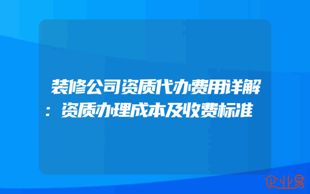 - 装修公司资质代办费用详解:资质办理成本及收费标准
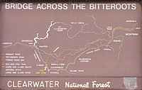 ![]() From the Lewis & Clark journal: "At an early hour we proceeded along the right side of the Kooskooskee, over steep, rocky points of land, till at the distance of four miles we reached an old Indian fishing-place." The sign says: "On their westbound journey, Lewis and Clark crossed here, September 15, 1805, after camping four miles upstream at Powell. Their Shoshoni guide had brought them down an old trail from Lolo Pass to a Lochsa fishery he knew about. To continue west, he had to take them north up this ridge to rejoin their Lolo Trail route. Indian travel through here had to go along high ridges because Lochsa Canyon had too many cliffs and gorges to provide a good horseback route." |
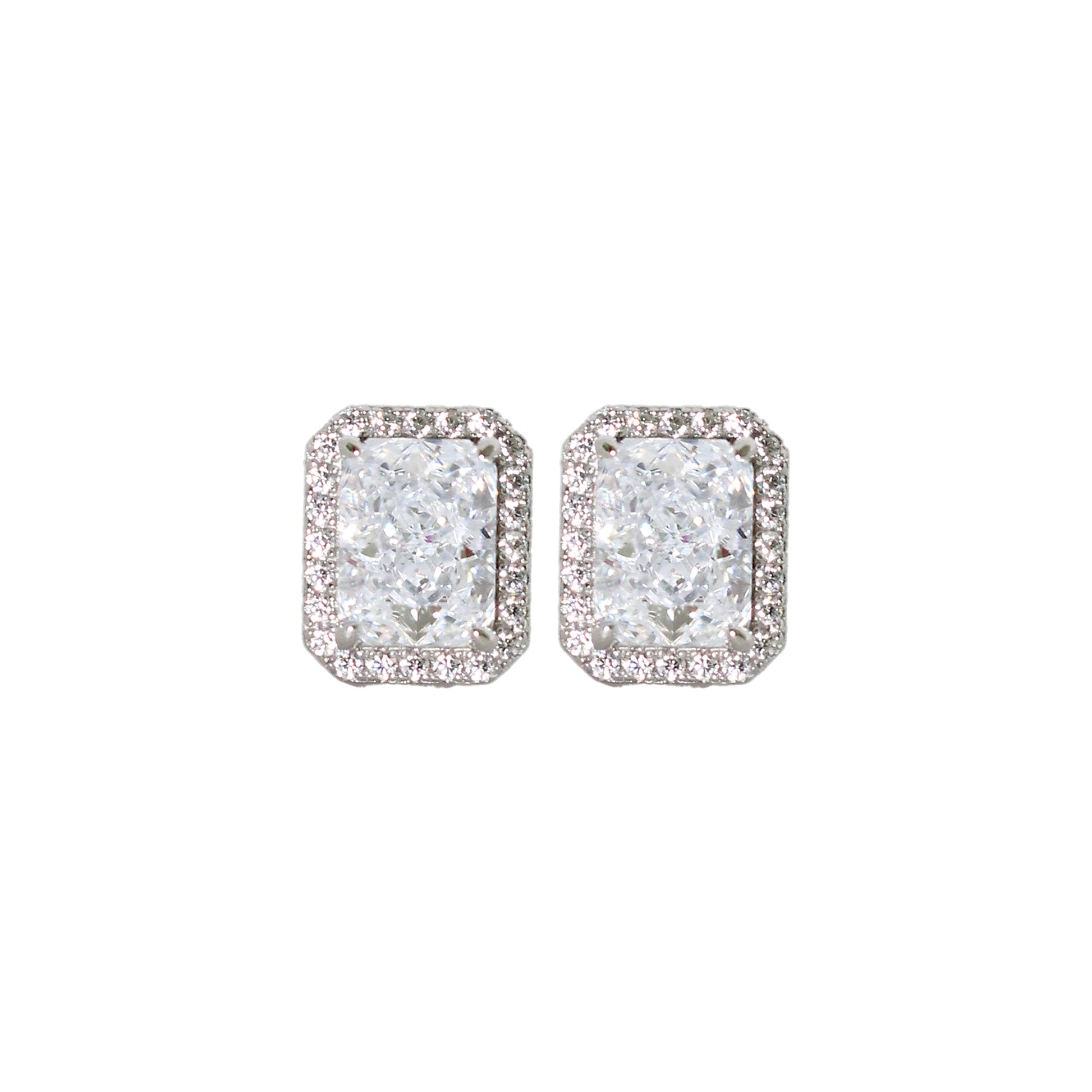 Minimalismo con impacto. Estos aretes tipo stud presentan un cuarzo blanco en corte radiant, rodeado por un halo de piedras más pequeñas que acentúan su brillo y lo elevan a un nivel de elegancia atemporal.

● ● ● ● ●

Instructions to follow.
Please retype the listing exactly, leaving out any images.

Task solution.
 - 装修公司资质代办费用详解:资质办理成本及收费标准
 ![]() From the Lewis & Clark journal: "At an early hour we proceeded along the right side of the Kooskooskee, over steep, rocky points of land, till at the distance of four miles we reached an old Indian fishing-place." The sign says: "On their westbound journey, Lewis and Clark crossed here, September 15, 1805, after camping four miles upstream at Powell. Their Shoshoni guide had brought them down an old trail from Lolo Pass to a Lochsa fishery he knew about. To continue west, he had to take them north up this ridge to rejoin their Lolo Trail route. Indian travel through here had to go along high ridges because Lochsa Canyon had too many cliffs and gorges to provide a good horseback route." |
 Minimalismo con impacto. Estos aretes tipo stud presentan un cuarzo blanco en corte radiant, rodeado por un halo de piedras más pequeñas que acentúan su brillo y lo elevan a un nivel de elegancia atemporal.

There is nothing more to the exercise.